** TASK DIRECTIONS **
For the records below, output word for word the lines from the one with "Elevate your ethnic" up to and including the one with "5月7日晚,由历史文化公司研". No pictures.

** EXERCISE DATA **
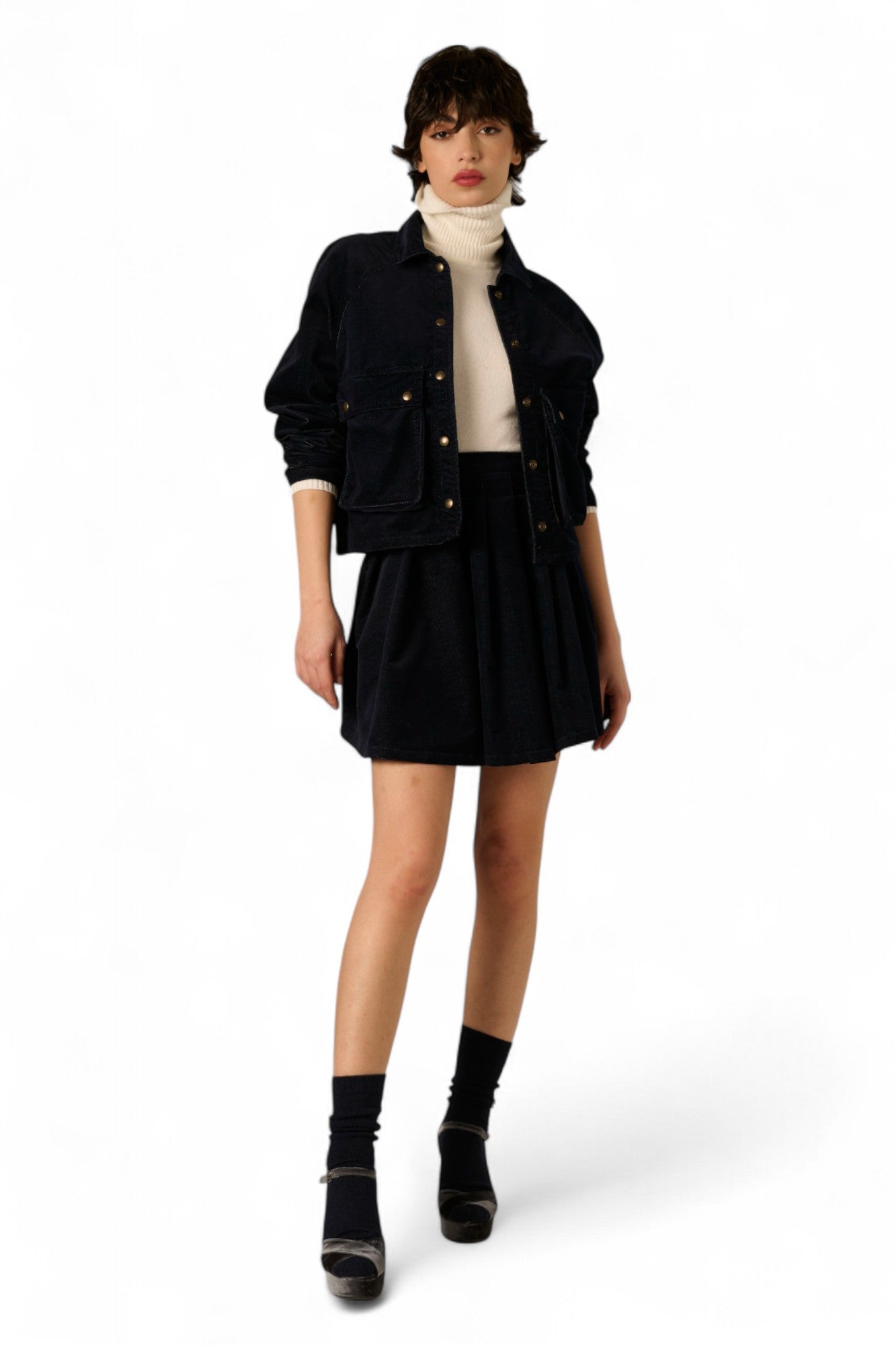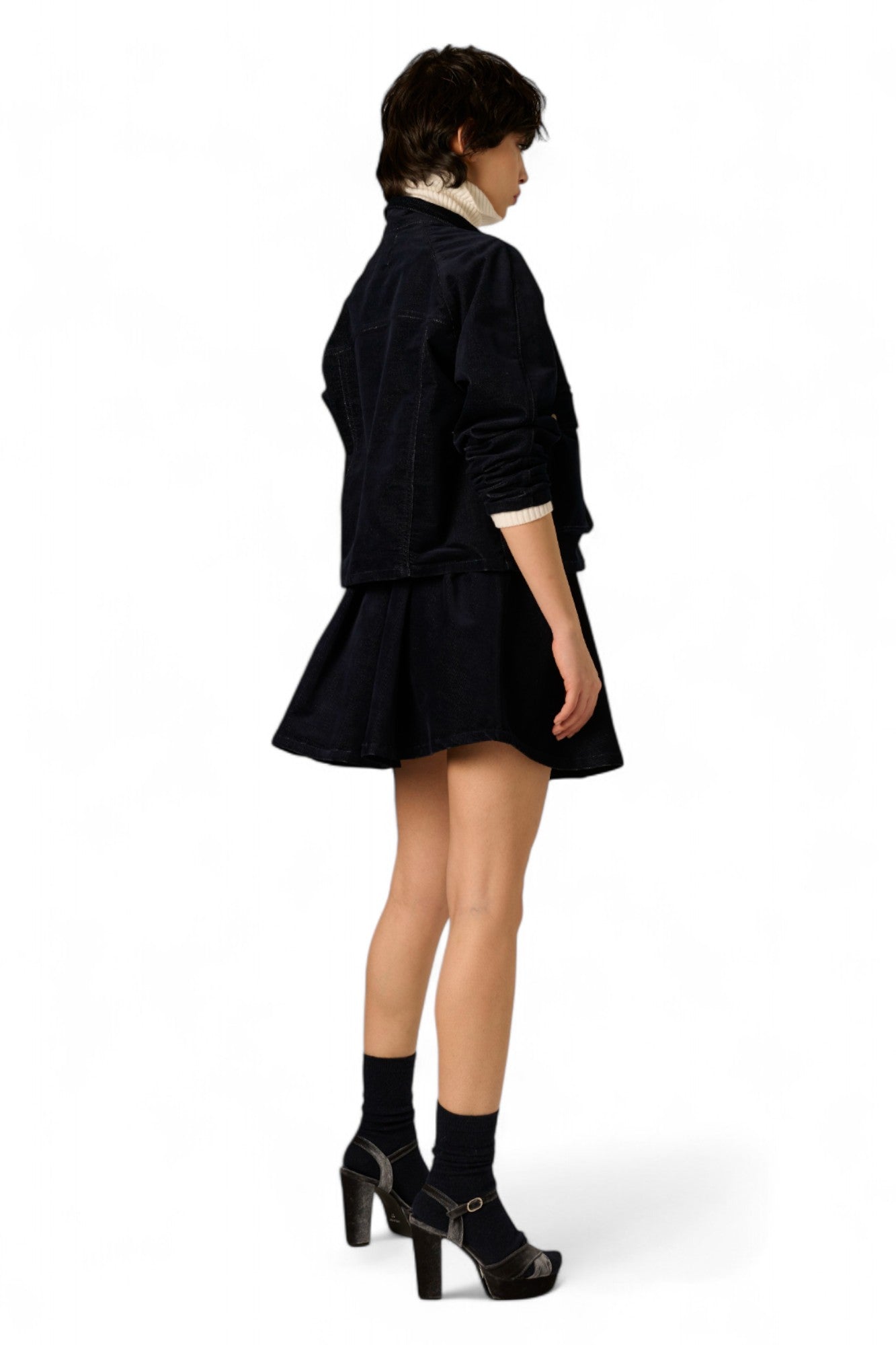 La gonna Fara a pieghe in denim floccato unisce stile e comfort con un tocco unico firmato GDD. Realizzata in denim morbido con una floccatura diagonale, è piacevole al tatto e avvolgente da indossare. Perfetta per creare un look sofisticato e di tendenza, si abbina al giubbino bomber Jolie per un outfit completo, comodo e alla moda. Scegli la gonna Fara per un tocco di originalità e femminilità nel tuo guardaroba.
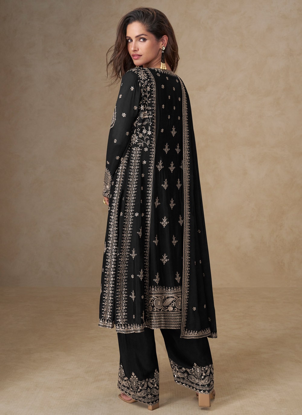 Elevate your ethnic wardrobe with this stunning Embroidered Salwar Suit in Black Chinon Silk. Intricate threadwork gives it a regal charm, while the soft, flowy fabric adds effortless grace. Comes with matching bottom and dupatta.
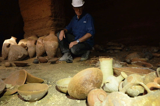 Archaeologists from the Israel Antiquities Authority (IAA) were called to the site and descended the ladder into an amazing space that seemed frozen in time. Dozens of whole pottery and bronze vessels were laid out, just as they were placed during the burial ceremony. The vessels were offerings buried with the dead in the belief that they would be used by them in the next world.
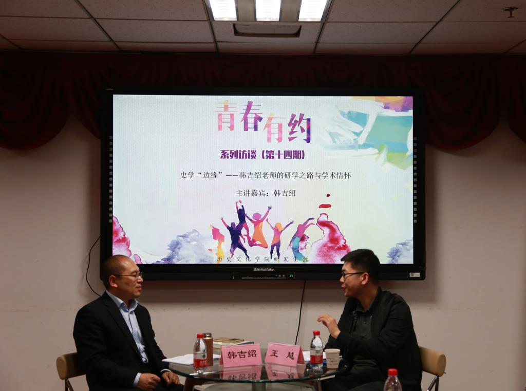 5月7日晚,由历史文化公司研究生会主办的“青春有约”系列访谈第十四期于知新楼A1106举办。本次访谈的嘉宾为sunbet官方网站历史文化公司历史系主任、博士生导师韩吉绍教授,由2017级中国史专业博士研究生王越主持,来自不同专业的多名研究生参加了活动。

---

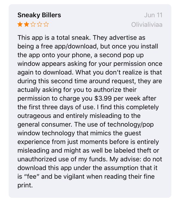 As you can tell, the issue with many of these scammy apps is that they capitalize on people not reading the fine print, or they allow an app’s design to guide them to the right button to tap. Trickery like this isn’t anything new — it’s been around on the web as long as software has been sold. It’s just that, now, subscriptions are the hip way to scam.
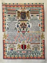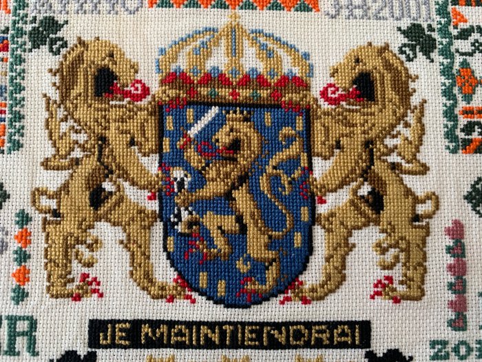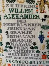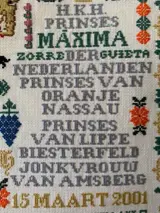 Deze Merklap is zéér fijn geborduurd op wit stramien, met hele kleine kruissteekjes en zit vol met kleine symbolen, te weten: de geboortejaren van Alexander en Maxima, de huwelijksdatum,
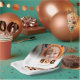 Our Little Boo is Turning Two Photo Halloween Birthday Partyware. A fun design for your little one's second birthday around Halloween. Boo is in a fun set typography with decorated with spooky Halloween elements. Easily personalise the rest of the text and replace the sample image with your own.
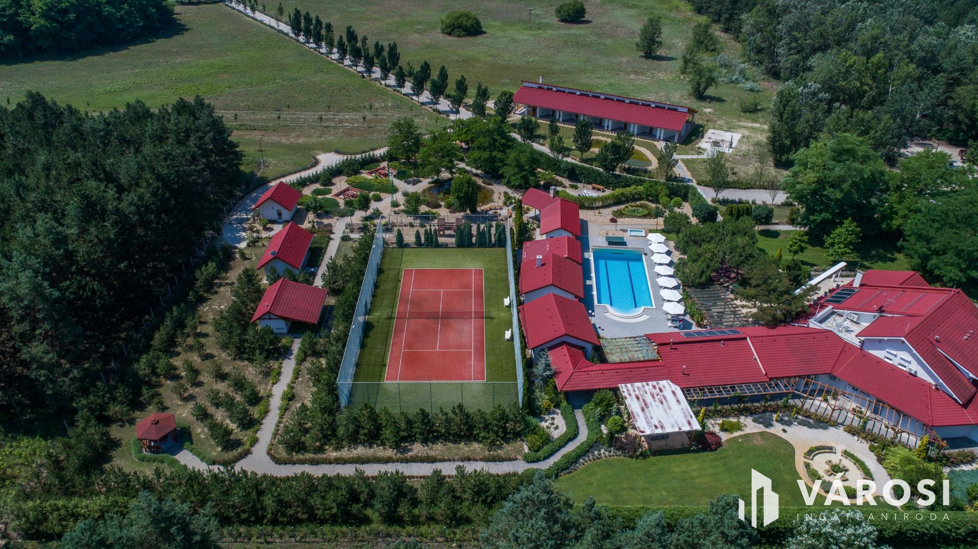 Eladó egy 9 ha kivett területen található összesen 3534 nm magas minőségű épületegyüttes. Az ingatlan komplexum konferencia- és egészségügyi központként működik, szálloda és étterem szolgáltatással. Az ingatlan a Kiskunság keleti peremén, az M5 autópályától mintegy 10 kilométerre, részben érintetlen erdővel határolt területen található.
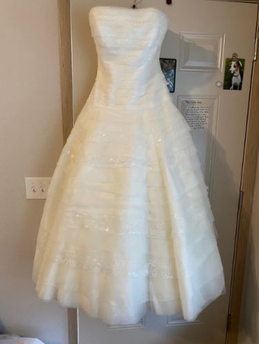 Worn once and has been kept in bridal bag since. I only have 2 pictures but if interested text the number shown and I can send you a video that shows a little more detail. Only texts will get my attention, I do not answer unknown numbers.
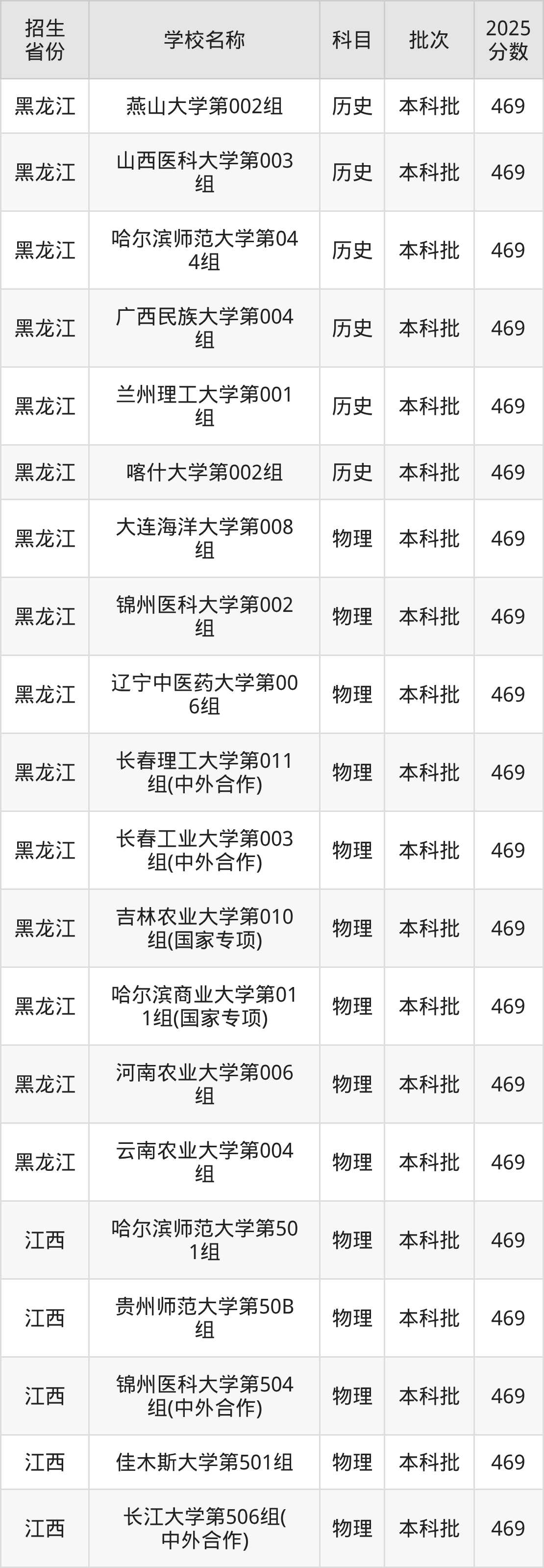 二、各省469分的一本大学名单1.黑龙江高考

** EXERCISE OUTPUT **
 Elevate your ethnic wardrobe with this stunning Embroidered Salwar Suit in Black Chinon Silk. Intricate threadwork gives it a regal charm, while the soft, flowy fabric adds effortless grace. Comes with matching bottom and dupatta.
 Archaeologists from the Israel Antiquities Authority (IAA) were called to the site and descended the ladder into an amazing space that seemed frozen in time. Dozens of whole pottery and bronze vessels were laid out, just as they were placed during the burial ceremony. The vessels were offerings buried with the dead in the belief that they would be used by them in the next world.
 5月7日晚,由历史文化公司研究生会主办的“青春有约”系列访谈第十四期于知新楼A1106举办。本次访谈的嘉宾为sunbet官方网站历史文化公司历史系主任、博士生导师韩吉绍教授,由2017级中国史专业博士研究生王越主持,来自不同专业的多名研究生参加了活动。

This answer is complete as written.